主の帰還に気づき、館の者たちが慌ただしく動く。その中に、ひとりだけ、静かに立ち止まる女中がいた。
「……まるで、ルースが戻ってきたようだわ」
それは、誰に聞かせるでもない、館の空気に落ちる独白だった。
女中の呟きが、静かに石畳に溶けていくころ、ヴィンセントとジェードはもう、館の奥へと歩を進めていた。
しんと静まり返った図書室の扉を押し開けると、埃の匂いが緩やかに満ちた。
そこは、ルースが生前、毎夜のように通った場所だった。
誰の足音もなく、手も入っていないはずのその部屋は、それでも不思議と整っていた。積もった埃さえ、まるでルースの時間をそっと閉じ込めていたかのように、乱れのないまま残っている。
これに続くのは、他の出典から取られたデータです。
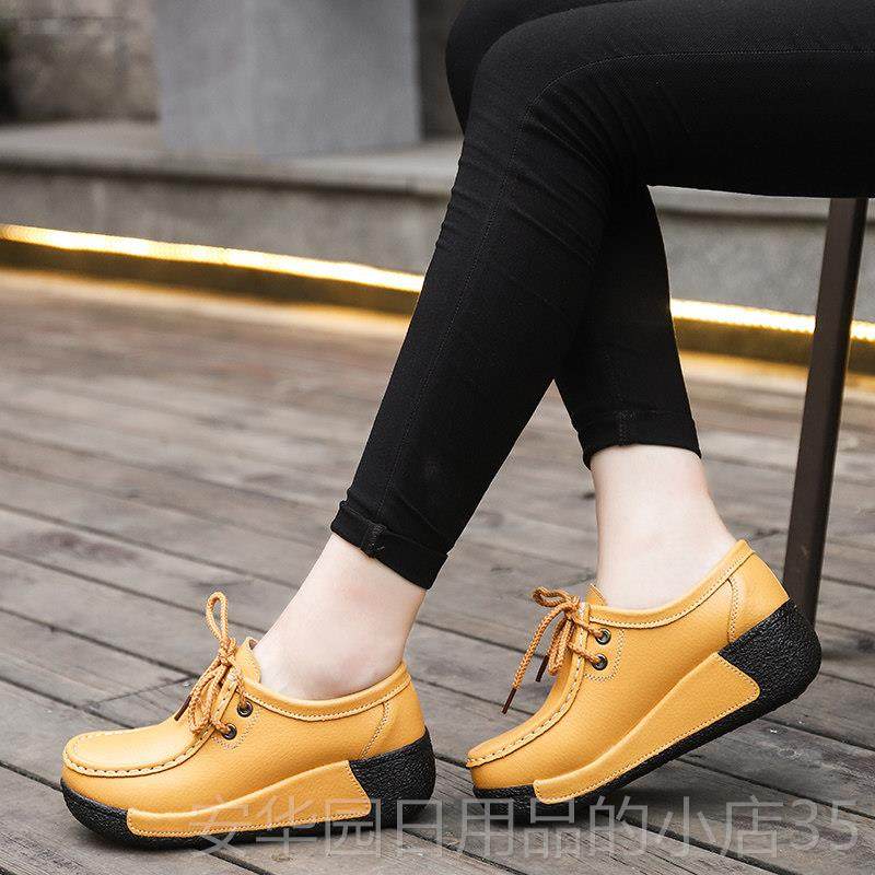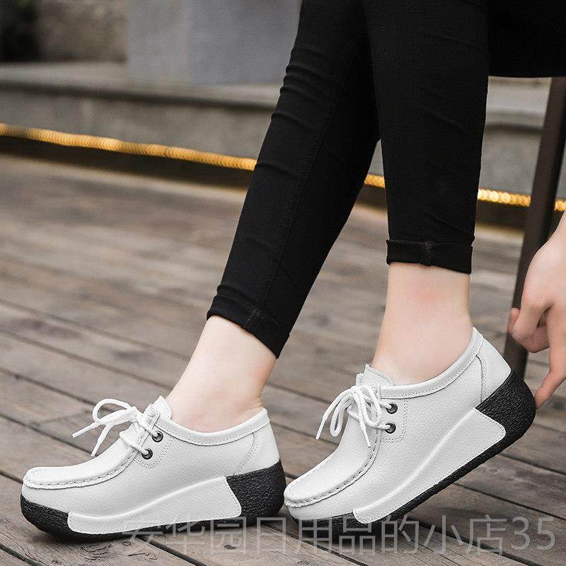 高档皮真女鞋适厚底鞋坡跟松糕女加棉单鞋加绒保暖妈妈鞋舒软底春

ヴィンセントは、しばらく黙ってその空間に佇んでいた。
背後で、ジェードが一歩、足を踏み入れる。
「……領主様? ここを探すんですか?」
「そうだ」
短く応じた彼は、書架の柱に手を添える。指先に触れた埃は厚く、それでも、本の並びは丁寧なままだった。
それほど時間はかからないかもしれない。
「ファールーク皇国からの書簡がないか探してくれ。君はファールーク皇国に四年近く居たのだから、得意分野だろう」
ジェードは高い位置の書棚を見上げ、背表紙を辿る。やがて、製本の仕方の違う一冊を手に取ると、ぱらぱらと頁をめくった。
「……これ、ファールーク語です! 少し、読めます」
ジェードの声にはわずかな高揚が混じっていた。ここに来た意味が、ようやく形になりかけているようで、胸の奥に灯がともる。
「君はファールーク語が読めるのか。内容は?」
ジェードは頷き、指で文字をなぞりながら読み始める。
「ヴォード王の……に際して、聖地より、医師を……色は、黒く、変色し……」
「本当にそう書かれているのか?」
ジェードはヴィンセントをちらりと見て、続きを読む。
「……なんだか、病気のことが書かれているみたいです」
ジェードの話を聞きながら、ヴィンセントは巻かれた書簡の入った箱を机上に置いた。
「こっちの手紙を確認してくれ。宰相アーディンはヴァロニア語も扱う上、筆まめな男だったようで、アーディンからの書状は多々あるが。ユースフ本人からの手紙はそう多くないはずだ」
「……ユースフ……?」
聖地でハリーファの言っていたことを思い出し、ジェードは呟いた。
【天使】様は、ハリのことをユースフじゃない、って言った?
「領主様、その、ユースフと言うのは、誰ですか?」
「やはり姉妹だな。君もその男に興味があるのか?」
言葉に不満げな色をにじませるヴィンセントに、ジェードは首を傾げた。
「ユースフと言うのは、ファールーク皇国を興した王だ。聖地の守護者だ」
「聖地の守護者……」
「だが、結果的に、聖地を崩壊に導いた男だ」
「聖地を崩壊……??」
「何も知らないのか」
ヴィンセントは呆れたように息をはいた。
「ルースが生前、ここでユースフからの手紙を見つけたと言っていた。さすがにルースもファールーク語は知らないだろう。ならば、ヴァロニア語で書かれている可能性もある。もしくは、まだ見つかっていないものがあるのかもしれないな」
ジェードは渡された書簡を一つずつ開いては、丁寧に確認していった。
何刻か経った頃。ジェードは、少し休憩していたが、ヴィンセントは手を止めず、書簡を確認しては、確認したものは床に放り投げていた。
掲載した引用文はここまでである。